_Stored data:_
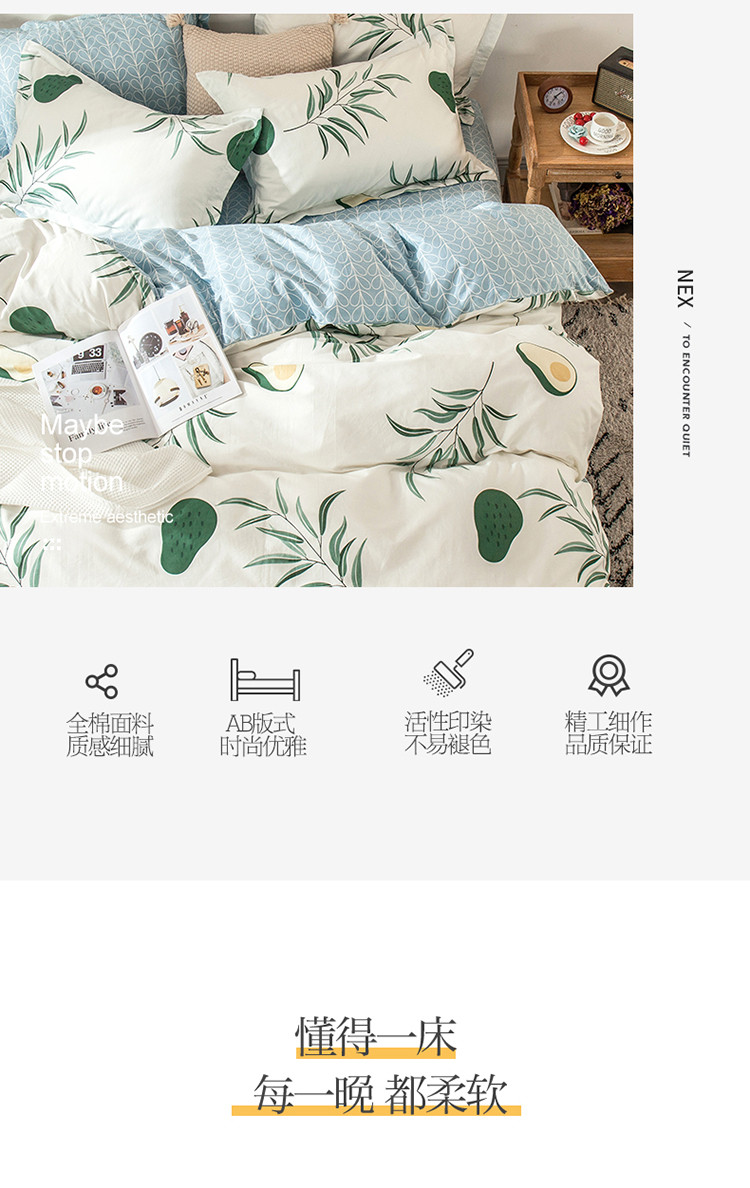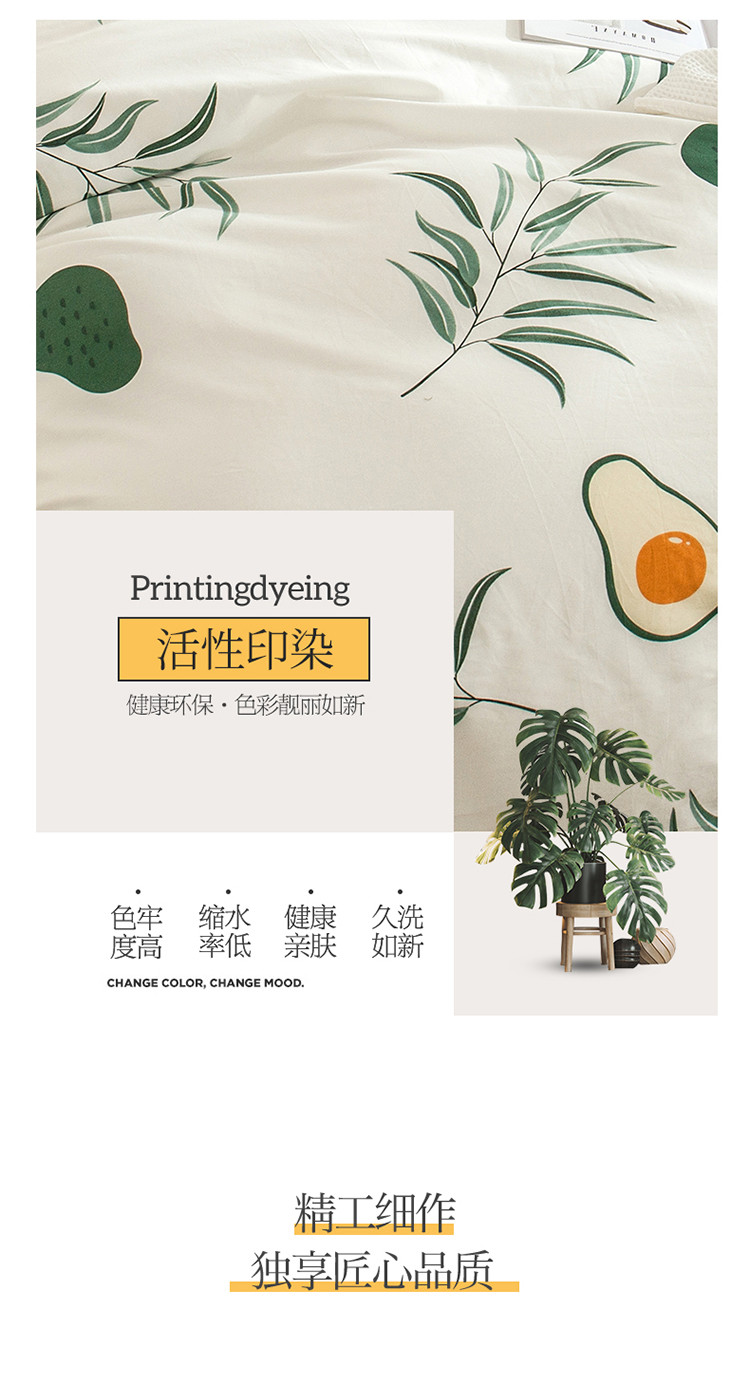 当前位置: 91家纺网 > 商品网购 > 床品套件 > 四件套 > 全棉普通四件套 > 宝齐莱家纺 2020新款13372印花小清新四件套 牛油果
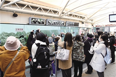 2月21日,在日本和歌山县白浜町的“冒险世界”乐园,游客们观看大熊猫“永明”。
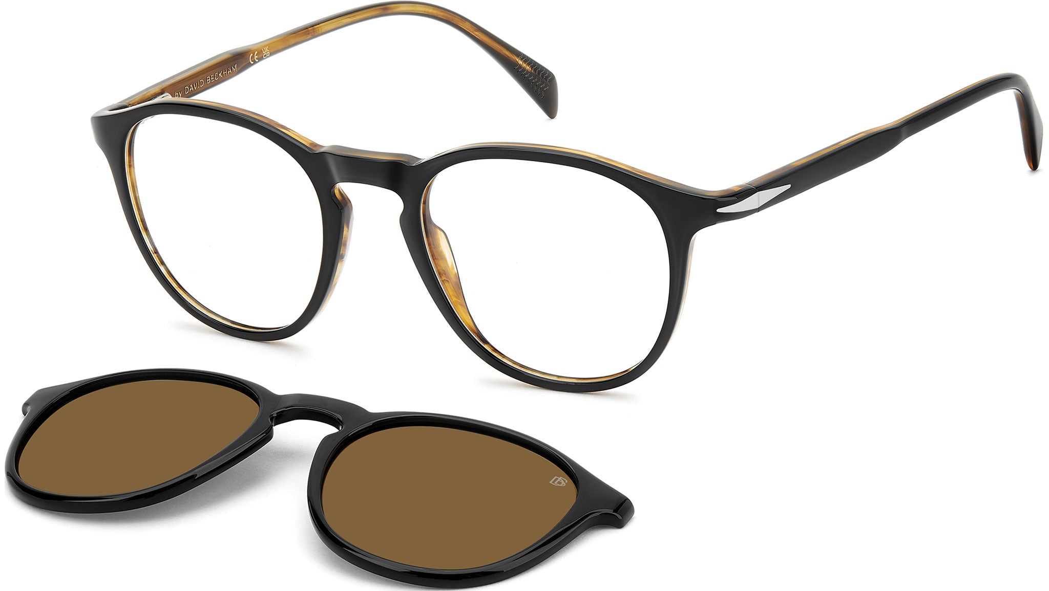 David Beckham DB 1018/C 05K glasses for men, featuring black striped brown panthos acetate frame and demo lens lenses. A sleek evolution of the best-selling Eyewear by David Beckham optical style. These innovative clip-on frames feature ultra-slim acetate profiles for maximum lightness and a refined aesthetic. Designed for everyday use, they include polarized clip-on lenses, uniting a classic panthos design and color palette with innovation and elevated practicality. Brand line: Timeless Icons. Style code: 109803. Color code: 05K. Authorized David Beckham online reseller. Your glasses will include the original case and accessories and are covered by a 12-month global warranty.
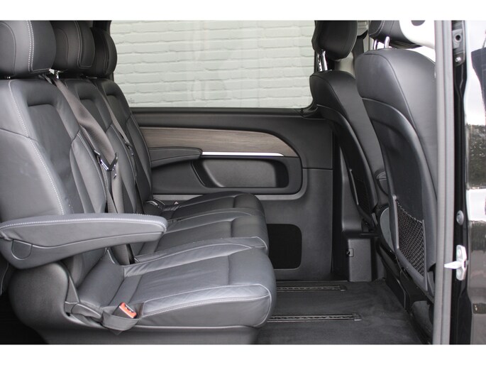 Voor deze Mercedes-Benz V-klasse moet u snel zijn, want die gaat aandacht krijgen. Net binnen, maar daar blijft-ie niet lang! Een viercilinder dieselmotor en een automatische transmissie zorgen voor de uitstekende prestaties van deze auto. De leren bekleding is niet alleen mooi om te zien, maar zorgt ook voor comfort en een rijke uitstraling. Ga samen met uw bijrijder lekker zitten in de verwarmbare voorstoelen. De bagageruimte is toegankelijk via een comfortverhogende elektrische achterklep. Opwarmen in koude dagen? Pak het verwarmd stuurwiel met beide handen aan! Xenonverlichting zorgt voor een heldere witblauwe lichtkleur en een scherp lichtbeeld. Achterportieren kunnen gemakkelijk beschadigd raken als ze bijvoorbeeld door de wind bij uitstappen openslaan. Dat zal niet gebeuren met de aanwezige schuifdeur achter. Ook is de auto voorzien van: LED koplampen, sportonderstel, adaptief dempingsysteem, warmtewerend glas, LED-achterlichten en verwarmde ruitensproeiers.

_Task to complete:_ Print only the lines from the first line of the data above through the one containing "David Beckham DB", exactly as they are, with pictures omitted.

_Task response:_
 当前位置: 91家纺网 > 商品网购 > 床品套件 > 四件套 > 全棉普通四件套 > 宝齐莱家纺 2020新款13372印花小清新四件套 牛油果
 2月21日,在日本和歌山县白浜町的“冒险世界”乐园,游客们观看大熊猫“永明”。
 David Beckham DB 1018/C 05K glasses for men, featuring black striped brown panthos acetate frame and demo lens lenses. A sleek evolution of the best-selling Eyewear by David Beckham optical style. These innovative clip-on frames feature ultra-slim acetate profiles for maximum lightness and a refined aesthetic. Designed for everyday use, they include polarized clip-on lenses, uniting a classic panthos design and color palette with innovation and elevated practicality. Brand line: Timeless Icons. Style code: 109803. Color code: 05K. Authorized David Beckham online reseller. Your glasses will include the original case and accessories and are covered by a 12-month global warranty.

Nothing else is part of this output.